Saturday, 21 May 2016

More Than Human by Theodore Sturgeon

More Than Human is the May read for my Cardiff-based book club. It's a classic of science fiction, award-winning in its time and considered very influential.

The premise of the book is focused on a group of people with unique qualities, who, together, become more than the combination of their parts. A hive mind, so to speak. In the book, they call it Gestalt.
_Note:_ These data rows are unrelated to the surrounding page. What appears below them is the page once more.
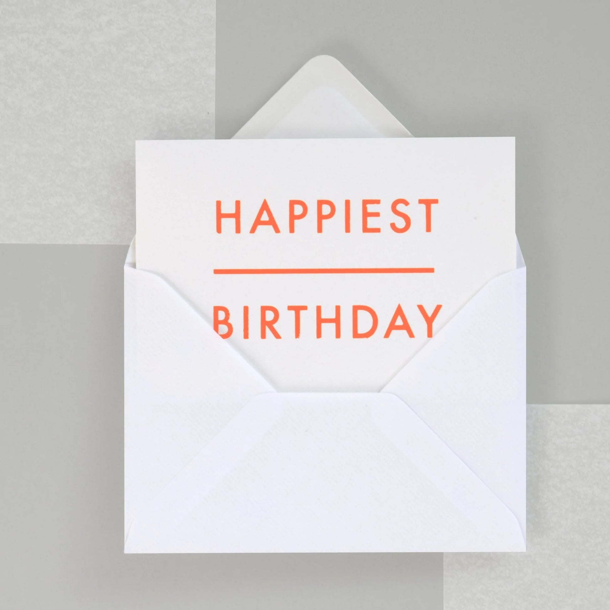 Chaque carte de notre collection Typographique présente un motif typographique imprimé à la main, avec une dorure à chaud orange fluorescente.
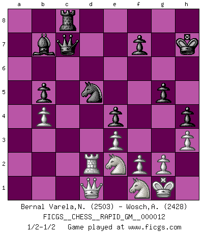 Last move : 1/2-1/2 2021 May 20 7:28:6 [Event "FICGS__CHESS__RAPID_GM__000012"] [Site "FICGS"] [Date "2021.01.06"] [Round "1"] [White "Bernal Varela,Nelson"] [Black "Wosch,Arkadiusz"] [Result "1/2-1/2"] [WhiteElo "2503"] [BlackElo "2428"] 1.Nf3 Nf6 2.d4 d5 3.c4 e6 4.e3 Nbd7 5.b3 b6 6.cxd5 exd5 7.Ba3 Bxa3 8.Nxa3 O-O 9.Rc1 Bb7 10.Bd3 a6 11.Nb1 c5 12.O-O Qe7 13.Nc3 Rac8 14.Ne2 Rc7 15.Nf4 Ra8 16.Rc2 h6 17.Qa1 a5 18.h3 a4 19.Qb2 axb3 20.axb3 Ne4 21.Rd1 Nd6 22.Qc1 Ne4 23.Bxe4 dxe4 24.Nd2 Nf6 25.Nc4 cxd4 26.Rxd4 Rc6 27.Qb1 b5 28.Nd2 Rxc2 29.Qxc2 Rc8 30.Qb2 Qc5 31.Nf1 Kh7 32.Qe2 h5 33.b4 Qe5 34.Qa2 Qc7 35.Ng3 g6 36.Rd1 h4 37.Nf1 g5 38.Ne2 Qc4 39.Qa1 Nd5 40.Rd2 Qc7 41.Qd1 1/2-1/2 Reti Opening Kingside Castling by player Black (move 8) Kingside Castling by player White (move 12) This chess game ended in a draw. Follow this game move after move (download)Everything is in a state of flux, and this includes the world of Chess. (Mikhail Botvinnik) Rauchen ist dem Schachspieler bei seiner Arbeit, also im Wettkampf, untersagt. (Viktor Kortschnoi) No todos los artistas son jugadores de Ajedrez, pero todos los jugadores de Ajedrez son artistas. (Marcel Duchamp) Seul un grand joueur sait à quel point il joue faiblement. (Xavier Tartacover) Life doesn't imitate art, it imitates bad television. (Woody Allen)
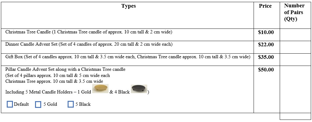 Complete the order form below along with payment, before the 28th of November and your candles will be ready for pick up on the 1st of December, from the Primary Campus.

That summary might be a strong hint that this is a book about a concept and an idea. It's much less interested in characters or people as individuals. The start of the novel is in fact very offputting - I'm pretty sure I would not have persevered with it if it wasn't for the book club. There's something quite icky about having one character consistently referred to as "The Idiot", and something very, very icky about the religious nutjob father in his secluded bit of the woods with his two daughters...

If you get beyond the skin-curdling beginning, the book has three parts. Part one - a group of children and an idiot accumulate together and form a family unit of sorts. Part two - a youngster with selective amnesia sees a psychiatrist to understand what he has become. Part three - a middle-aged man with amnesia and an obsessive nature talks with a young woman to understand what happened to him.
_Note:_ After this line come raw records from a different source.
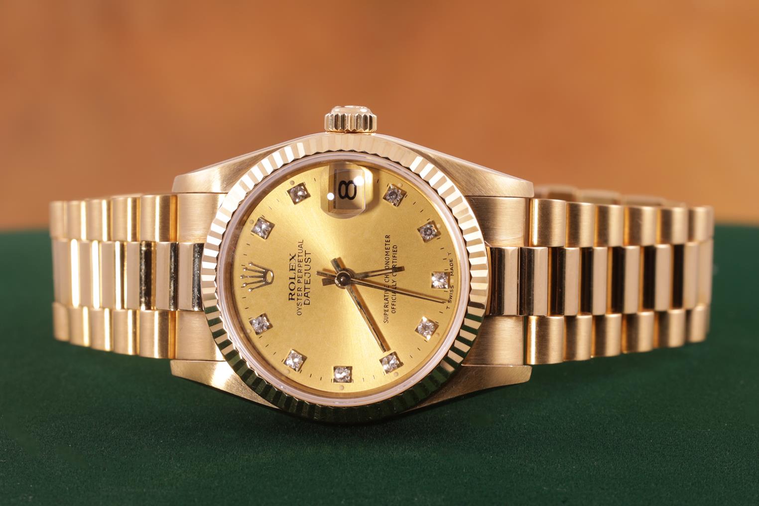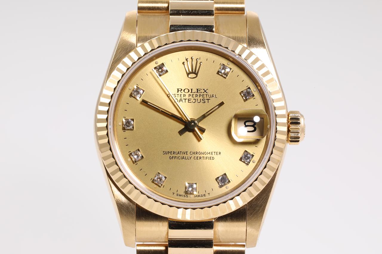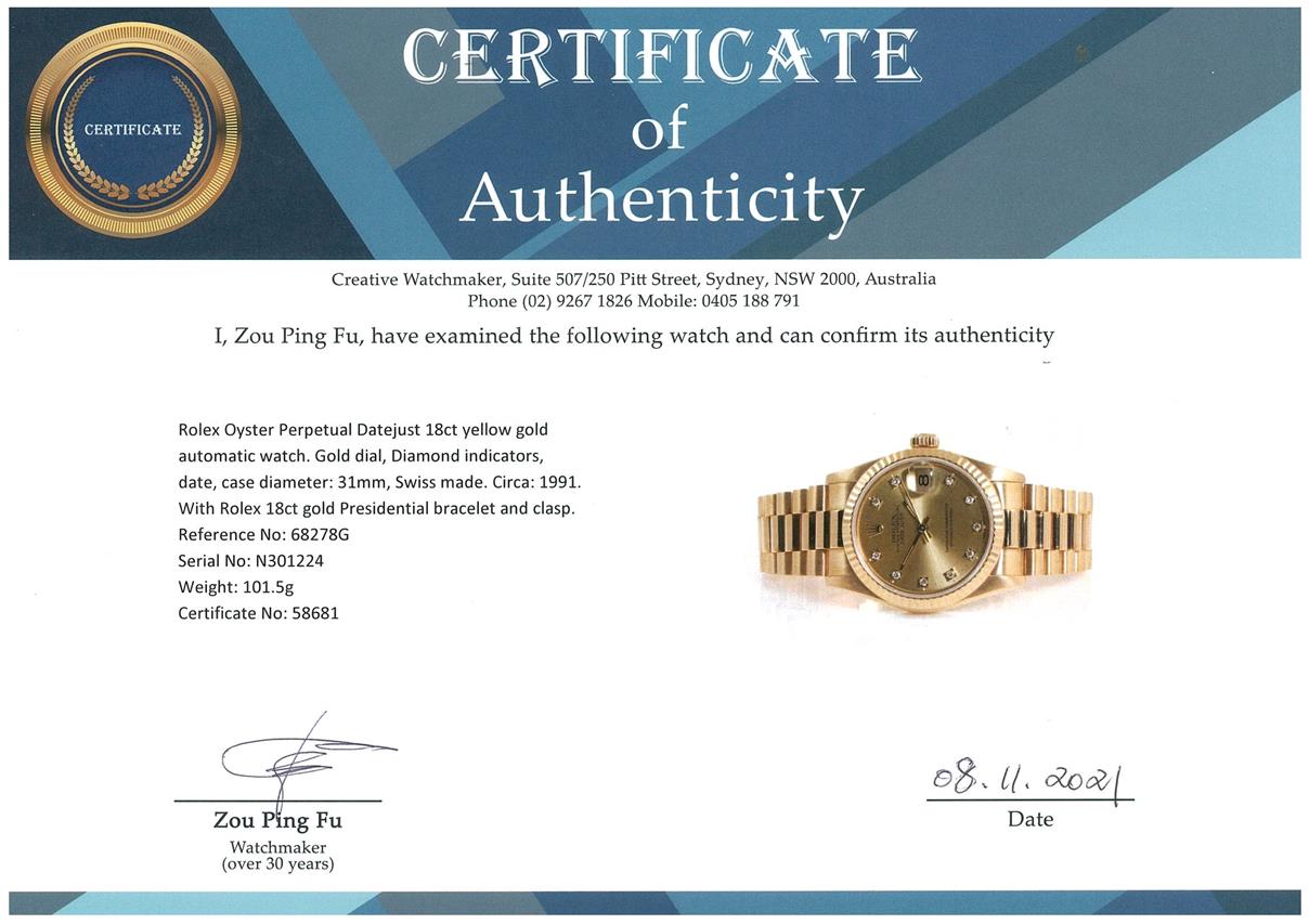 Rolex Oyster Perpetual Datejust 18ct yellow gold automatic watch. Gold dial, Diamond indicators, date, case diameter: 31mm, wrist size: 16cm, Swiss made. Ref# 68278G, Circa: 1991. With Rolex 18ct gold Presidential bracelet and clasp. With Certificate of Authenticity and Rolex box with Rolex gift bag. 3 month FSA warranty. (Pre-owned)
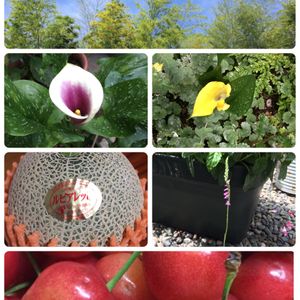 お向いの青竹と青空…。 花壇にはカラーが咲く❀.*・゚ 庭の砂利の間から咲く1本のネジリバナ💕ご近所さんから頂いた茨城のメロンと山形の🍒 アリ*:・(*-ω人)・:*ガト
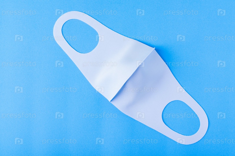 Синяя маска для лица из мягкой ткани на цветном фоне. Защитная маска из многоразового моющегося материала
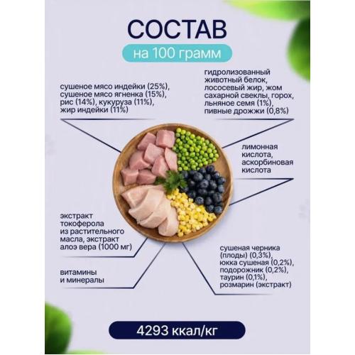 Премиальный продукт, разработанный для полноценного питания самых уязвимых категорий питомцев. Основа рациона — сушёное мясо индейки и ягнёнка: высокий уровень белка и минимум потенциальных аллергенов.
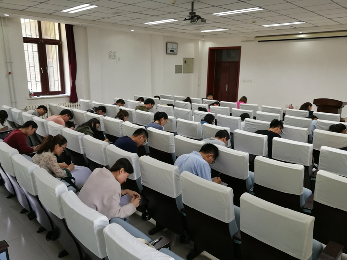 理论测试之前,公司党委下发了学习资料,学习内容包括党章、党规中应知应会知识点、时事政治、以及十九大、十九届三中全会的相关知识。共有32名发展对象参加了理论测试。发展对象严肃对待、沉着应考。
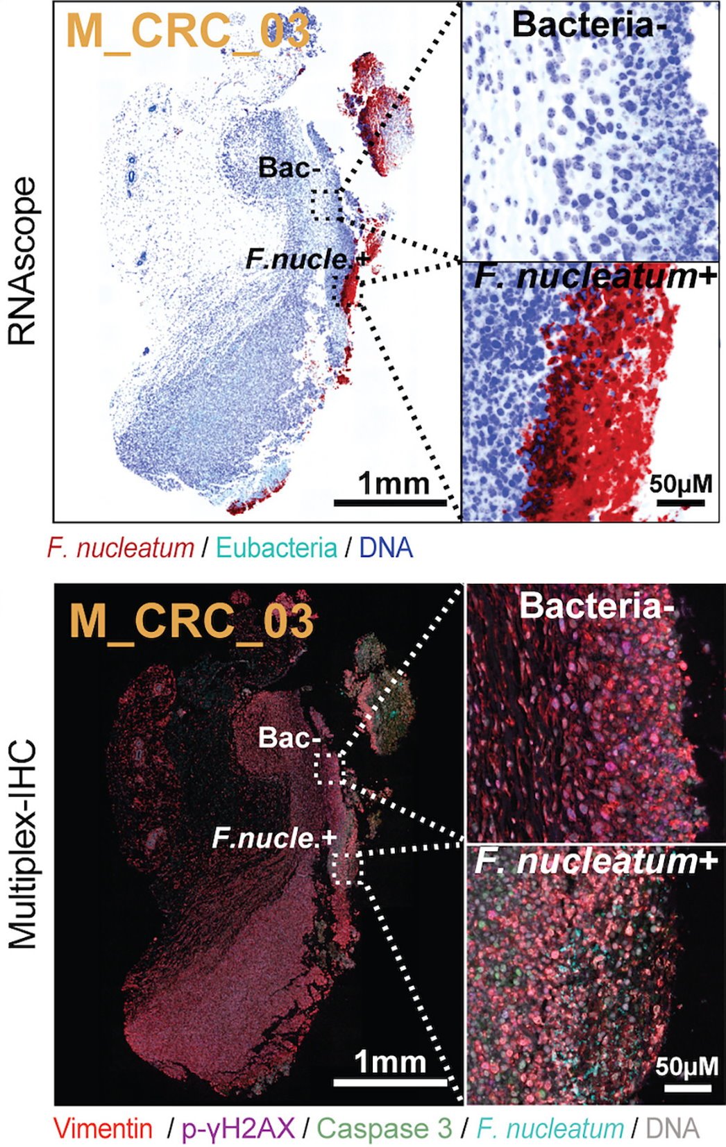 Preclinical models showed that Fusobacterium accumulates in specific parts of the tumor, settling between cancer cells, interfering with them, and making them less vulnerable to certain chemotherapies. Spatial analysis validated these findings both in vivo and in a cohort of 52 patients with colorectal and oral cancer. In an independent patient cohort, higher levels of this bacterium were associated with lower expression of genes that allow for immune detection and with reduced treatment response.

The plot device used in the last two thirds of the book - of having a damaged, traumatised amnesiac slowly peel away the layers of memories to gain an understanding of their past and present - is a bit lame. It's even more lame that the same device is used twice in a row (for different characters).
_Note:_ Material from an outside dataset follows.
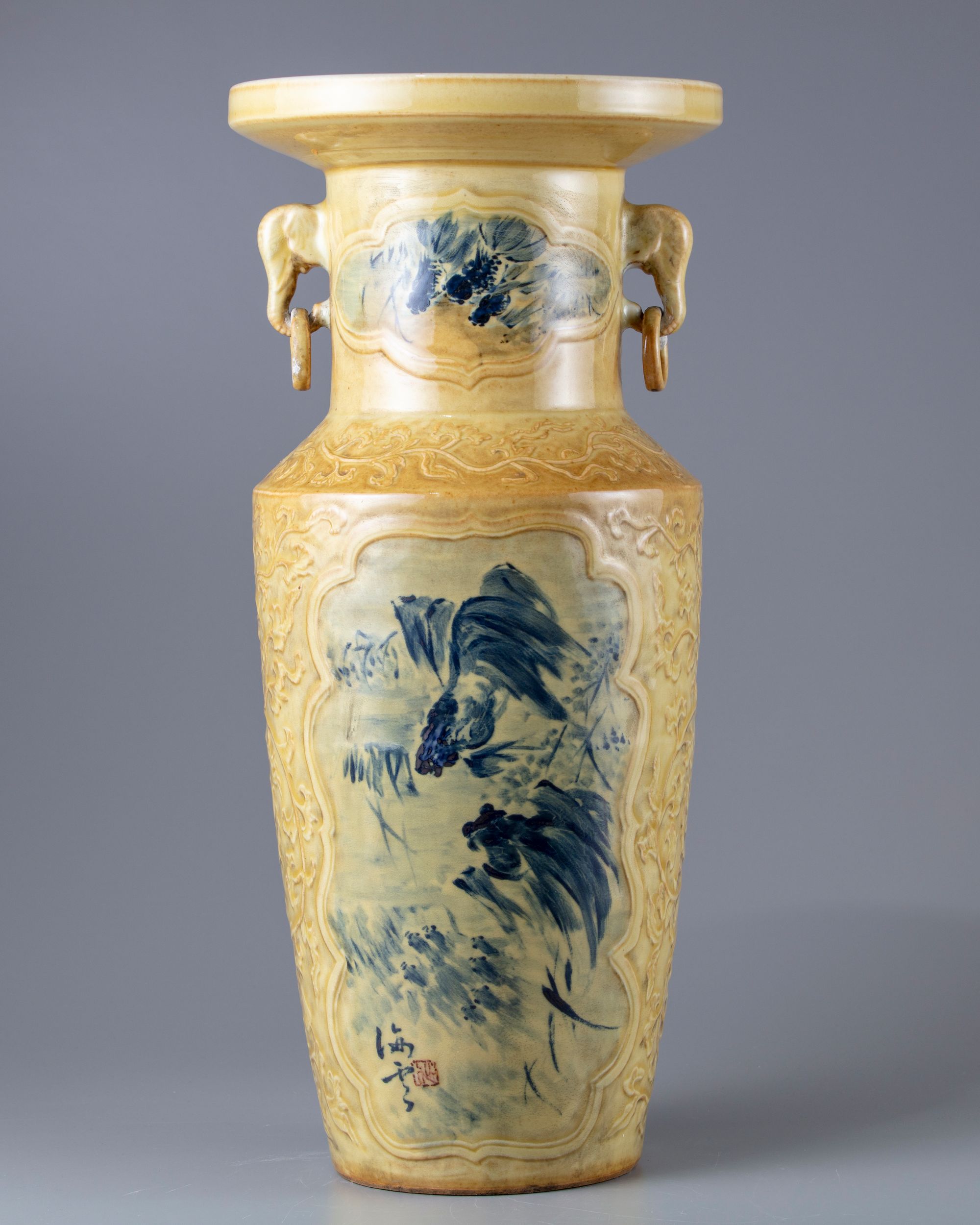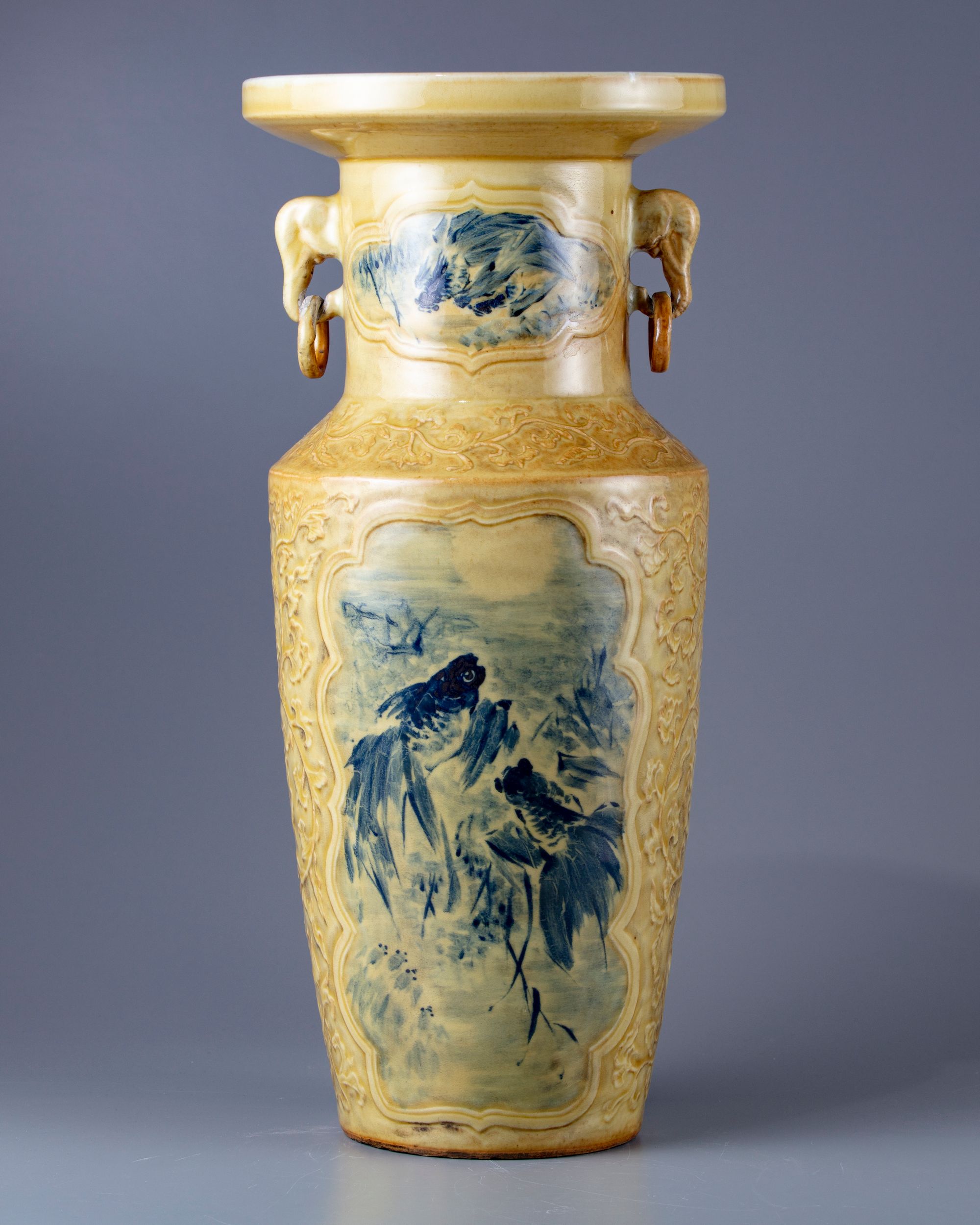 The vase is stylised with two elephant head handles to the neck, the body and the neck are decorated with octofoil panels enclosing two blue fishes on a creme ground.

Icky storytelling, a somewhat misanthropic attitude towards its characters, a complete inability by the author to write convincing children characters, lame storytelling devices - I did not enjoy anything about this book. In the end, it is a book which lives and dies by its idea, that humans, as a hive, might be (or become) part of some collective organism. It's an influential idea, and it must have been pretty impressively original at the time when the novel was written, for it to become an award-winning classic. That said, I can't recommend it to modern readers.